* **Task inputs**:
[Start of Attachment]

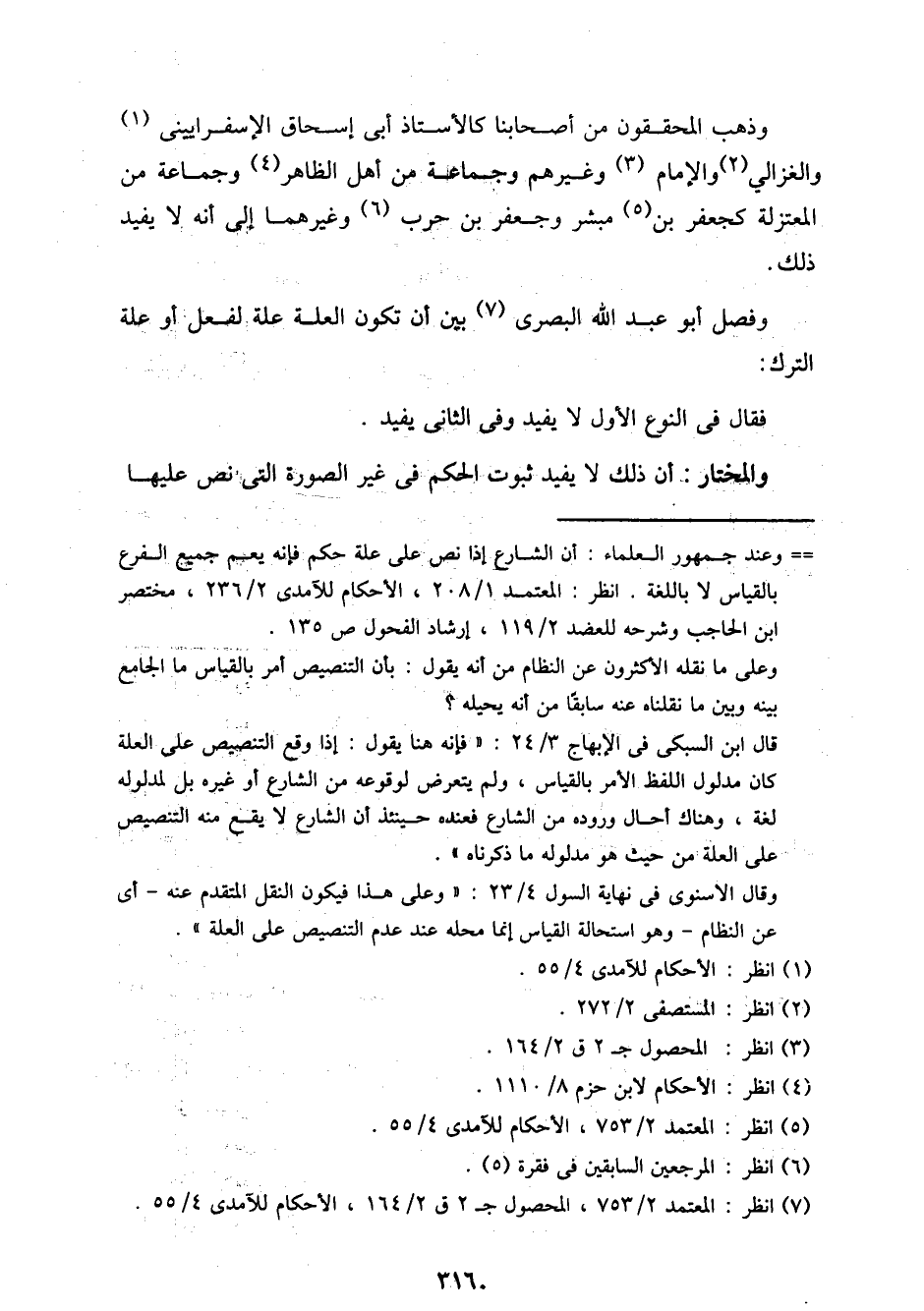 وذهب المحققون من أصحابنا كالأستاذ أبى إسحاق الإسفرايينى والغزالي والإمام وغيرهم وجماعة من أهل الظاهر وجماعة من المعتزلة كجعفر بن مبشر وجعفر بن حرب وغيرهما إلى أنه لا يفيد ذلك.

[End of Attachment]
[Start of Attachment]

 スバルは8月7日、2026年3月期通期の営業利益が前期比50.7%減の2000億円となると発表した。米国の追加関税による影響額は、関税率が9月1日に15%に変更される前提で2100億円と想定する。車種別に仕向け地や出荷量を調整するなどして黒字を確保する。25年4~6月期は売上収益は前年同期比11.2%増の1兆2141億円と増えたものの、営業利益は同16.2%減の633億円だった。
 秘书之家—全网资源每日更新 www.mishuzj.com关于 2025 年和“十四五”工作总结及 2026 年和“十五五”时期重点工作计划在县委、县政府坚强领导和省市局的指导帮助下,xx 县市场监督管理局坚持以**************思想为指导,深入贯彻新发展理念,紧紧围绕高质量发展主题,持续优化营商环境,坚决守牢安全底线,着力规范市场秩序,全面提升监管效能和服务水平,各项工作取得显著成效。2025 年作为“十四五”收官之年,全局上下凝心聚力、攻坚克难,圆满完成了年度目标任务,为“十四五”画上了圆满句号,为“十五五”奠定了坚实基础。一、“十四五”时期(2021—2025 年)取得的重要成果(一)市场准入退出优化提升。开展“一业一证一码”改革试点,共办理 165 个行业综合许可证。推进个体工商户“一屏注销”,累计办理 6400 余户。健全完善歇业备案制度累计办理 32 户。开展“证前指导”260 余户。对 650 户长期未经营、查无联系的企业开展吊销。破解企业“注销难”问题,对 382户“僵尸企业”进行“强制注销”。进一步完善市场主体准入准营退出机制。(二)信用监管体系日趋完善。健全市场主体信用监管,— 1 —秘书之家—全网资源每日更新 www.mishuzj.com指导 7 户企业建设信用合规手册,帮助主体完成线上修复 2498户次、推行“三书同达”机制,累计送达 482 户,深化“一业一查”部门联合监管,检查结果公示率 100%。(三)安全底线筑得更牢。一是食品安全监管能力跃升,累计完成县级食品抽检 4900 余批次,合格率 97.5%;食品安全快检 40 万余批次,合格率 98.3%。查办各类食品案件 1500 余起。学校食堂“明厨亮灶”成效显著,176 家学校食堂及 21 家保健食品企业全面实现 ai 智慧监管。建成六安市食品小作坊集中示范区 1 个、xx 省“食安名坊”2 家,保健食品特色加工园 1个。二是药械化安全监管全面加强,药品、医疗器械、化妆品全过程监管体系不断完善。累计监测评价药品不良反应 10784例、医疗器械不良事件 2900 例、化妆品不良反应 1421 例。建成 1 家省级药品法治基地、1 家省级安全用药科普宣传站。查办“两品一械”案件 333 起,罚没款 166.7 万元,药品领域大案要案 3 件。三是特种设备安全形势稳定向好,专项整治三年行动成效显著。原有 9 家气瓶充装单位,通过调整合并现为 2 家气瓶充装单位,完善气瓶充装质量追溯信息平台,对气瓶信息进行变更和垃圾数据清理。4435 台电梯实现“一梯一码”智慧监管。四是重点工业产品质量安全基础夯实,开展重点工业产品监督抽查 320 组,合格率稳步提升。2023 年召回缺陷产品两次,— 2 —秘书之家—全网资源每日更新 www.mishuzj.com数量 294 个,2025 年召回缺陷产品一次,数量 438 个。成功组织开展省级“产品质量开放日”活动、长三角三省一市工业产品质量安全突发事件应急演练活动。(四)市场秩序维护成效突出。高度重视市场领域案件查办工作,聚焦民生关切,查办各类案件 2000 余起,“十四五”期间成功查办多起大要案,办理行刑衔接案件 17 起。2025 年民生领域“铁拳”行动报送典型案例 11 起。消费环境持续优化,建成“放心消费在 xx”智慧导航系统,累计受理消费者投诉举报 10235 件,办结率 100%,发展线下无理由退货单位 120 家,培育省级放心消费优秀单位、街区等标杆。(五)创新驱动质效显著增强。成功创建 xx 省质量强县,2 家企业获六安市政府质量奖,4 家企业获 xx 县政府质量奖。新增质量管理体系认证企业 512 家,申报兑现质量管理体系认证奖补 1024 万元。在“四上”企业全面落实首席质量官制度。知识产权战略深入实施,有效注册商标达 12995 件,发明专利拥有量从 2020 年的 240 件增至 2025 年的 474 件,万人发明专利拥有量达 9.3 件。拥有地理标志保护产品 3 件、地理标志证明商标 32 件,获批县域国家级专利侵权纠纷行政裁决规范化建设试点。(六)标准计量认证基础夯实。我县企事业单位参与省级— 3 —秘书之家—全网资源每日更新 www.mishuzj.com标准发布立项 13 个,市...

[End of Attachment]
[Start of Attachment]

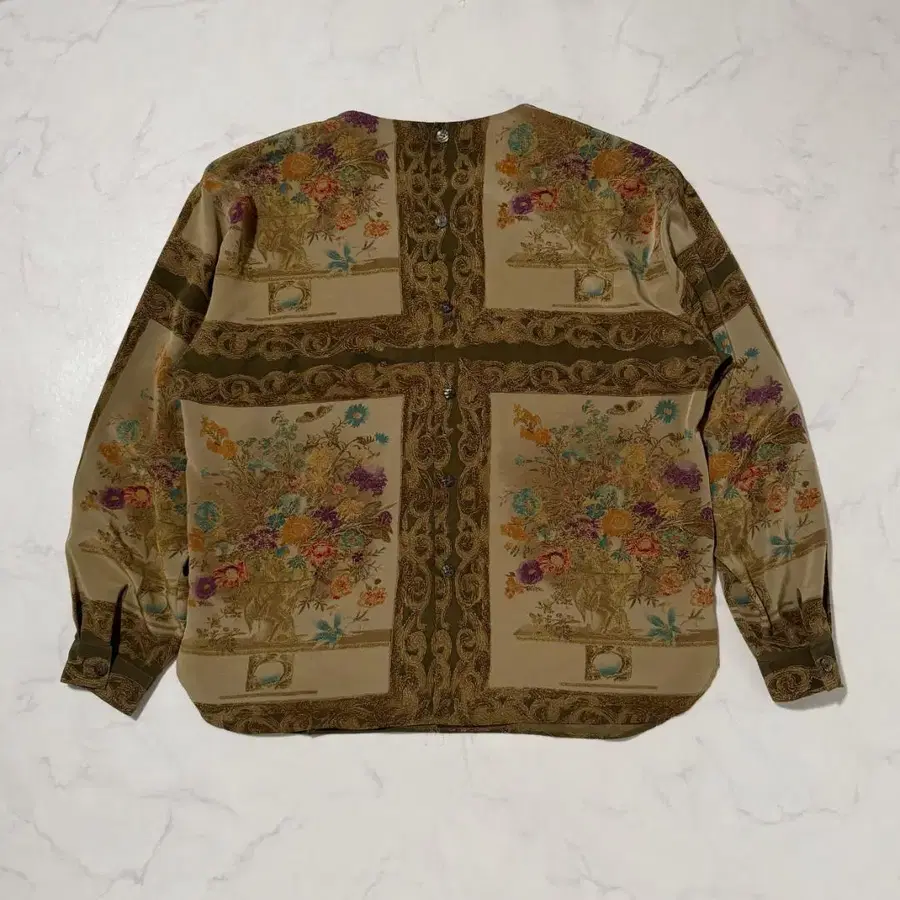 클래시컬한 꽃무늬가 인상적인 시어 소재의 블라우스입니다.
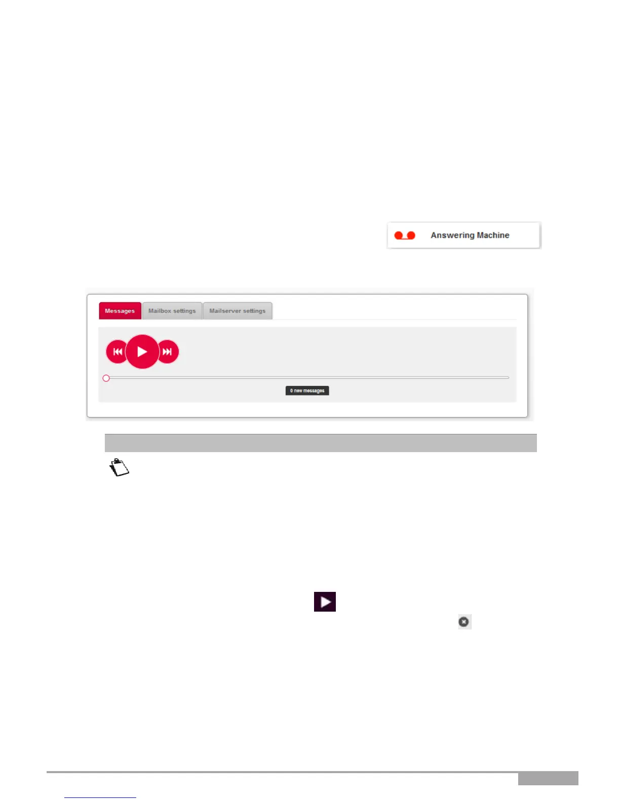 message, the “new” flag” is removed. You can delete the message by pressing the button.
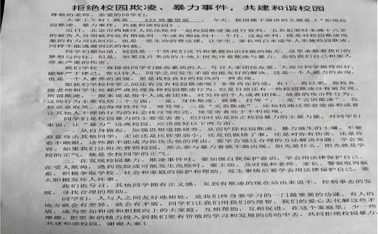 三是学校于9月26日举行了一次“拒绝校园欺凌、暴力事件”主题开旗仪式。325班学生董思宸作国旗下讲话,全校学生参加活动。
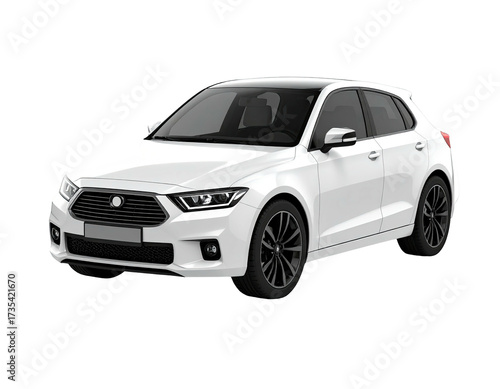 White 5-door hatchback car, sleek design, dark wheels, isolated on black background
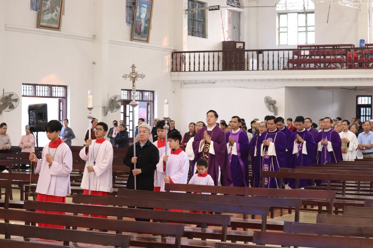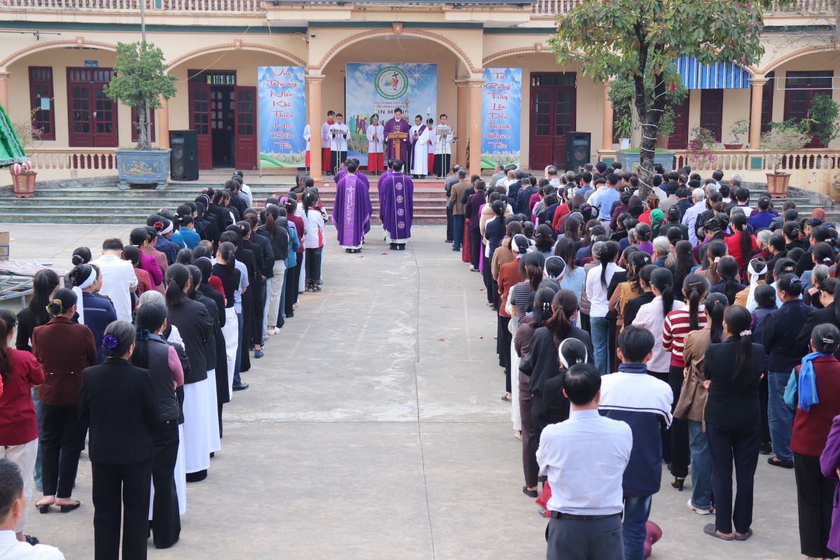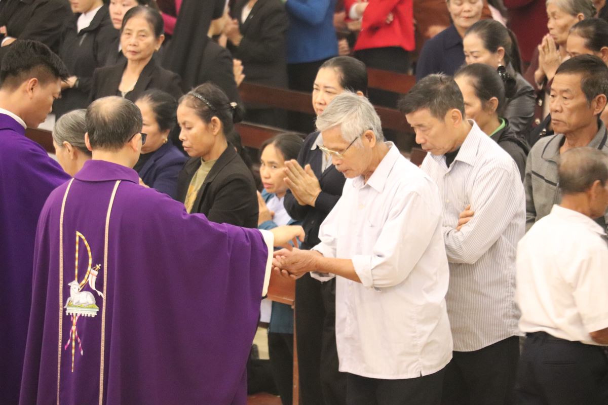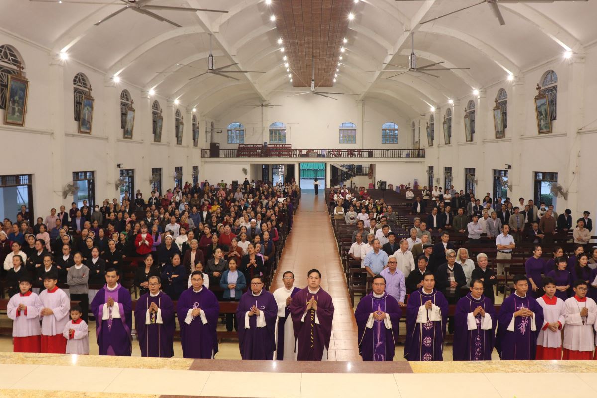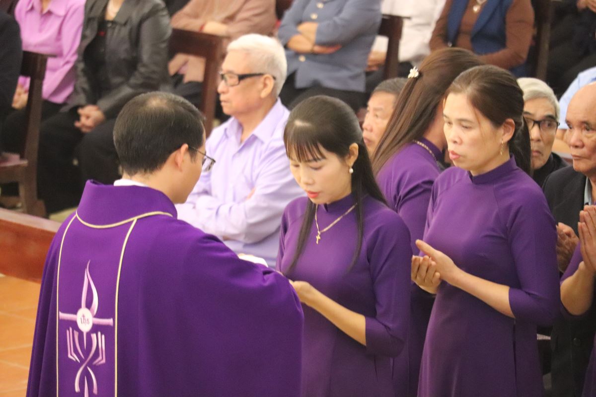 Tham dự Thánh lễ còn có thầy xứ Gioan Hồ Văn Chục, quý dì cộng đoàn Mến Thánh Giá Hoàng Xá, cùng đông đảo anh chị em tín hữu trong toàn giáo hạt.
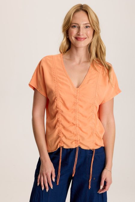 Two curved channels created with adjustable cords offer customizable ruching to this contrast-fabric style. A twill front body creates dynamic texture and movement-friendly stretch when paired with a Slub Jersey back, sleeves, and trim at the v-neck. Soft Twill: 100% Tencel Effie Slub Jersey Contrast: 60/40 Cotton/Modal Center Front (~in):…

[End of Attachment]

* **Goal of the exercise**: In the records above, find the line with "클래시컬한 꽃무늬가 인상적인 시어 소재의 블라우스입니다." and the line with "White 5-door hatchback"; please transcribe exactly those two lines and all lines between them, omitting any picture.

* **Solution for this exercise**:
 클래시컬한 꽃무늬가 인상적인 시어 소재의 블라우스입니다.
 message, the “new” flag” is removed. You can delete the message by pressing the button.
 三是学校于9月26日举行了一次“拒绝校园欺凌、暴力事件”主题开旗仪式。325班学生董思宸作国旗下讲话,全校学生参加活动。
 White 5-door hatchback car, sleek design, dark wheels, isolated on black background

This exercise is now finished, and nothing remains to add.